ACTIVITY
Below are records with pictures in them. Transcribe everything from the line containing "Blå ballerina i" down to the line containing "Podczas przedszkolnych jasełek", exactly, and leave the pictures behind.

Start of THE DATA

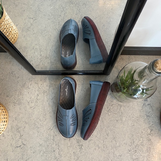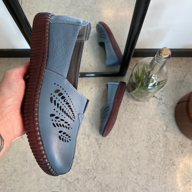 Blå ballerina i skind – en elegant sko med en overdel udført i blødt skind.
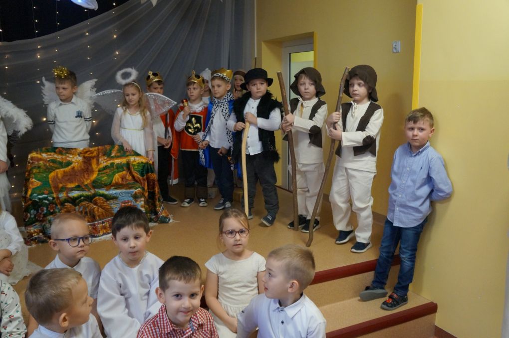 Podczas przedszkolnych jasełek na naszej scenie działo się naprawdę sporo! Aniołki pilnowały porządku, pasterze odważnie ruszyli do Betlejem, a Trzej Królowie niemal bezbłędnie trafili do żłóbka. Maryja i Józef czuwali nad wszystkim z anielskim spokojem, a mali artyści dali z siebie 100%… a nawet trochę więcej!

End of THE DATA
Start of THE DATA

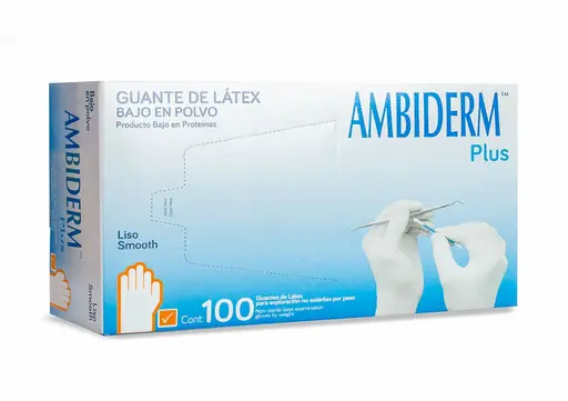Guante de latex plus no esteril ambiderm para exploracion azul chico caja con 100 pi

End of THE DATA
Start of THE DATA

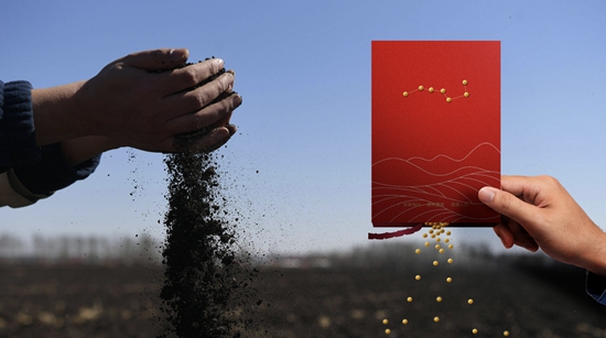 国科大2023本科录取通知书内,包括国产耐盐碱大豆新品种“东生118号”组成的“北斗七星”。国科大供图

End of THE DATA

ANSWER SECTION
 Blå ballerina i skind – en elegant sko med en overdel udført i blødt skind.
 Podczas przedszkolnych jasełek na naszej scenie działo się naprawdę sporo! Aniołki pilnowały porządku, pasterze odważnie ruszyli do Betlejem, a Trzej Królowie niemal bezbłędnie trafili do żłóbka. Maryja i Józef czuwali nad wszystkim z anielskim spokojem, a mali artyści dali z siebie 100%… a nawet trochę więcej!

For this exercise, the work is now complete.